2015-01-24

rmc28: Rachel standing in front of the entrance to the London Eye pier (Default)
I stayed up way too late last night reading the latest book by Courtney Milan: Trade Me which got released yesterday.

I started reading Courtney Milan for her historical romances, and I was particularly smitten with the Brothers Sinister series, set in Oxford and Cambridge during the late 1800s, with women mathematicians, scientists, newspaper editors (and the aristocratic men who fall for them).
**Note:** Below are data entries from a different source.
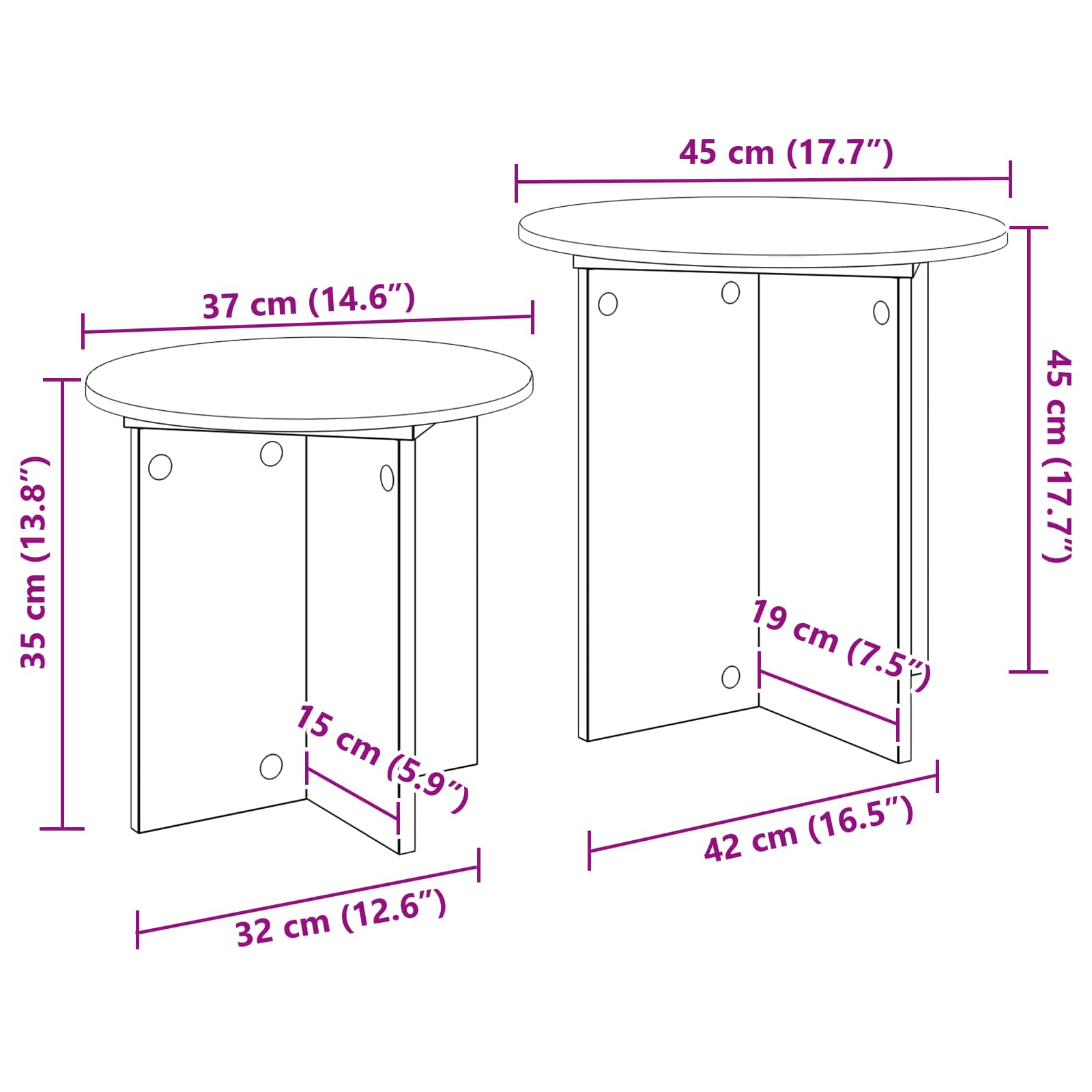 Sivupöytäsetti 2 pcs Savustettu Tammi Käsitelty puu
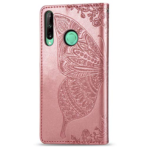 Dedux Portafoglio Custodia per Huawei Y7p/P40 Lite E, Cover per Custodia a Farfalla con Fiore di Rosa in Rilievo [Funzione Stand] [Slot Cart] [Chiusura Magnetica], Dotata di Cordino. Oro Rosa
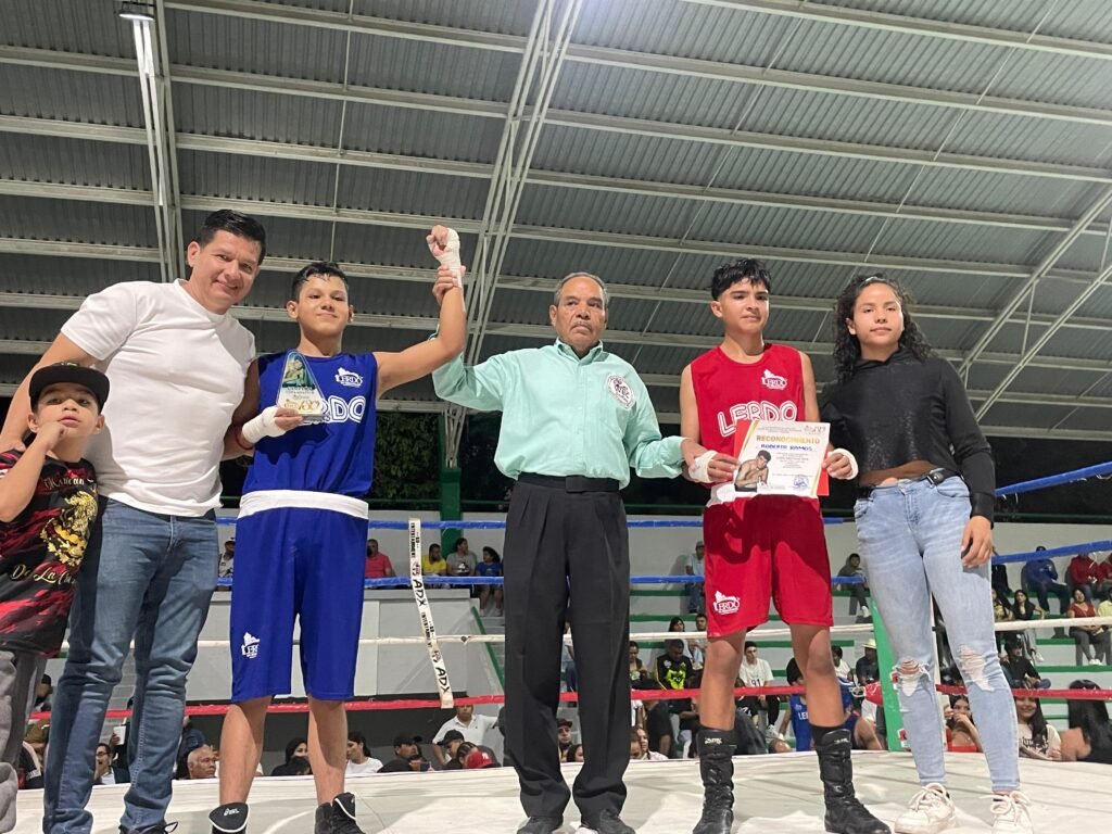 Lerdo, Durango.- El pasado domingo por la tarde, el domo del Parque Victoria en Lerdo fue el escenario de la función de boxeo «Copa Lerdo», organizada por el Instituto Municipal del Deporte (IMD) como parte de las actividades conmemorativas del 130 Aniversario de la Ciudad. Los asistentes disfrutaron de más de 20 combates amateur, destacando el talento de los gimnasios locales.

She does all the emotional connection and struggle and happy endings that I love reading romance for, while quietly including a whole range of characters who aren't just aristocratic white straight neurotypical people with perfect mental health.
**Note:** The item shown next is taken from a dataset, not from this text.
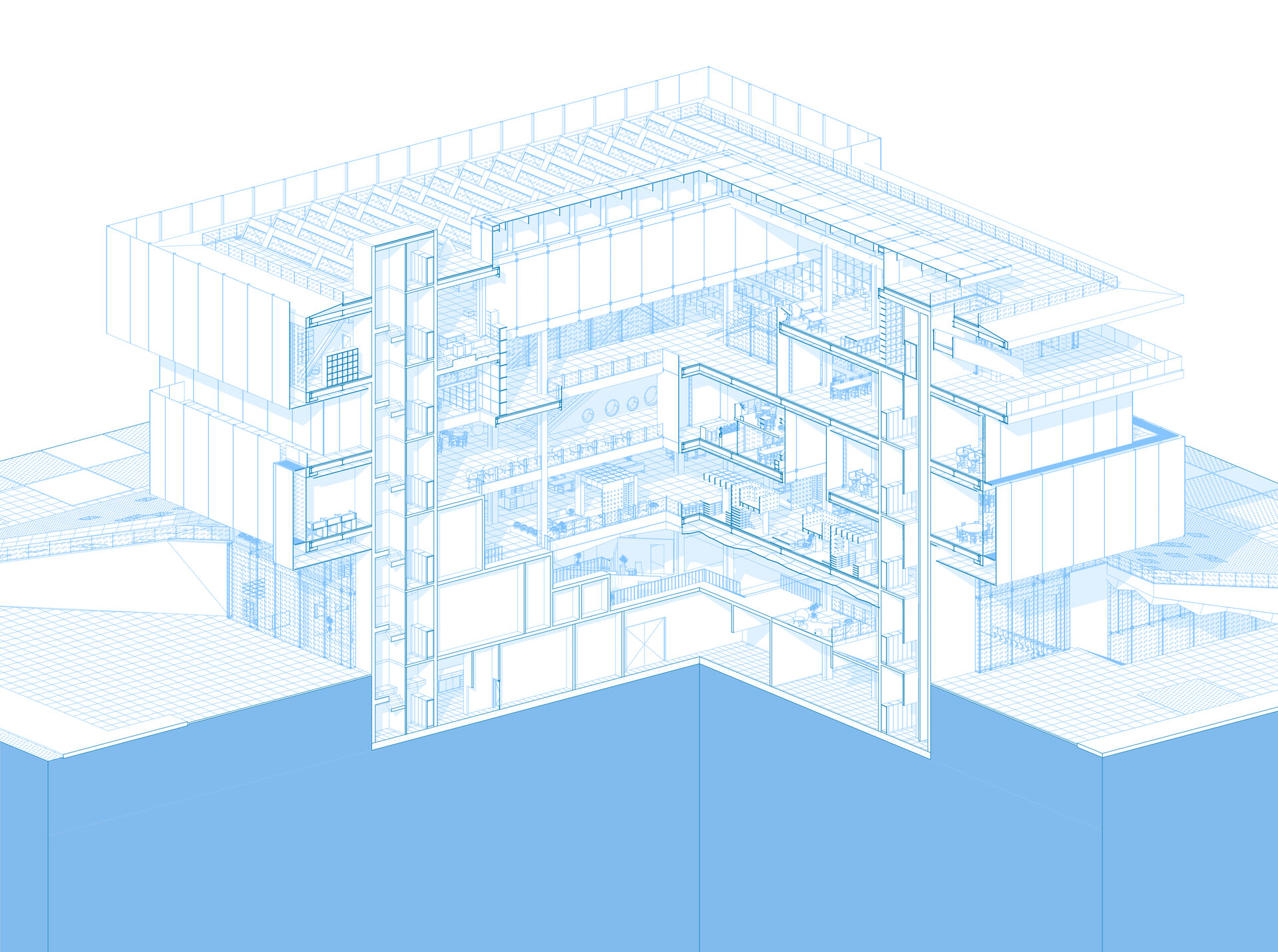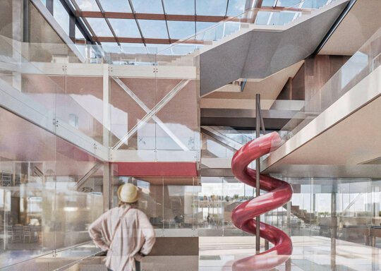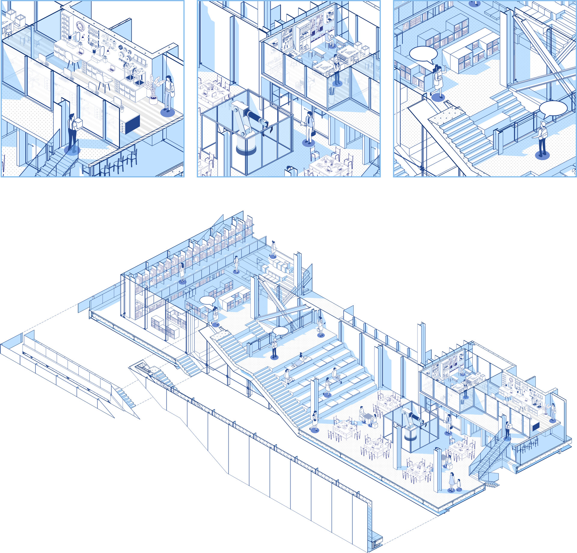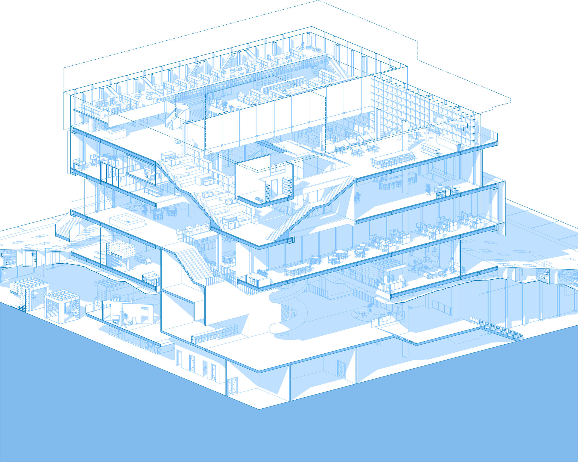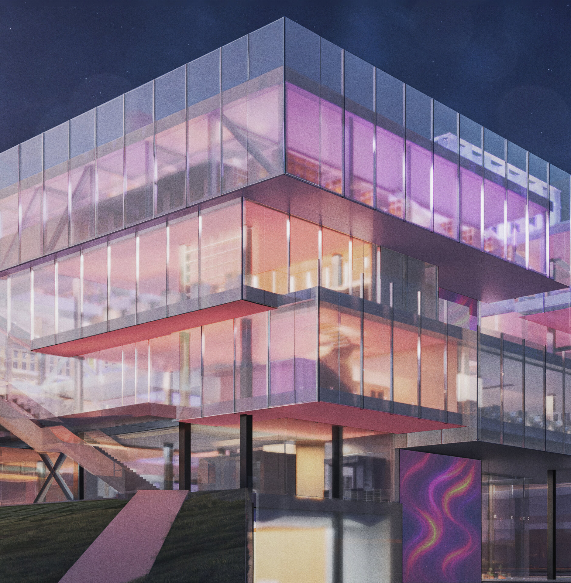 Conceptul arhitectural se inspiră din ideea unei locuințe extinse la scara orașului. Clădirea devine astfel o „casă a comunității”, în care fiecare funcțiune își găsește locul într-un sistem coerent. La fel cum livingul este centrul unei locuințe și locul principal de întâlnire, spațiul central al ansamblului este gândit ca o zonă de interacțiune intensă, un nucleu social unde oamenii se pot conecta. Pe măsură ce utilizatorul avansează, spațiile devin mai personale și mai concentrate, creând o diversitate de atmosfere care răspund diferitelor nevoi – de la dialog și socializare, până la reflecție și studiu individual.

Trade Me is a billionaire novel.  There are lots of billionaire novels, especially since Fifty Shades of Grey and mostly I ignore them because I find conspicuous consumption and rescue narratives a turn-off.  But this is a Courtney Milan billionaire novel so I couldn't wait to see what she did with it.

And I loved it. 

The trouble is, the things I especially loved are basically spoilers.  So let me see.  It's a trading-places novel, where Blake, the heir to a huge tech company swaps his life with that of Tina, a poor immigrant fellow student, only he isn't doing it for laughs and she insists they make a proper agreement, and they become friends and eventually a romance happens.  The novel isn't very fond of the "rich man rescues poor woman from poverty" narrative, and Tina isn't passive or a victim or stupid, and Blake is a rich boy with a problem, but not in a woobie manpain way. 
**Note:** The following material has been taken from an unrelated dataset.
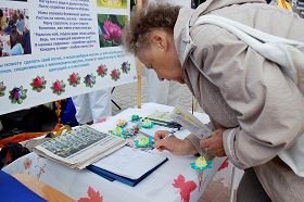 【明慧网二零一二年七月二十五日】二零一二年七月二十日,俄罗斯圣彼得堡法轮功学员,在俄中使馆附近的芬兰火车站最繁华的广场上,进行了一周的每天弘法活动。二零一二年也是法轮功反十三周年的日子,学员们为这一天还印发了新的真相资料。
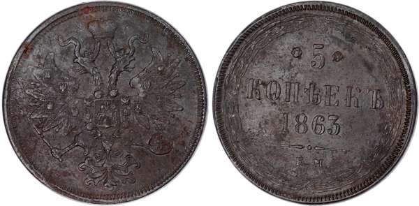 Russia, Empire. Alexander II CU 5 Kopeck. Ekaterinburg mint, 1863. ‡

So you have Blake washing dishes to pay rent on Tina's horrible bedsit and trying to figure out his problem, and Tina planning the new top-secret product launch and worrying about her family.  (And the actual tech product launch scene, very near the end of the book, is brilliant and funny and spot on and I kind of want to get [livejournal.com profile] fanf to read the book even though he doesn't really like romances, just so I can laugh about it with him.)  There are lovely minor characters, and people feel believable, and there isn't any minor character being one-dimensionally horrible to provide artificial conflict, and the ending is great and doesn't tie everything up happily ever after.

I am so glad that there are two more books in this series, and I am particularly excited for book 2 and the characters it's apparently going to focus on.  I also want to see more about how Tina and Blake and their families go on from where they've got to at the end of this book.

Two other things of note:
  1. There is a trans character who just happens to be trans, and it only gets mentioned as a background thing to explain a particular response to a conversation.  That character has way more lines/scenes that aren't about their being trans.
  2. There is extensive portrayal of an eating disorder.  I think it's a portrayal done well, but it's unavoidably there in the story.
Trade Me is available from all the usual ebook stores, including DRM-free and in multiple formats at Smashwords, and also in paperback rather more expensively.
rmc28: Face of toddler smiling (Nico2014-11)
Nico is on fine form today.  Singing the "alphabet song" he concluded

"now I know my A B C, next time sing ... Let It Go"

complete with appropriate change of tune, and then enormous giggles.  Apparently Let It Go is his favourite.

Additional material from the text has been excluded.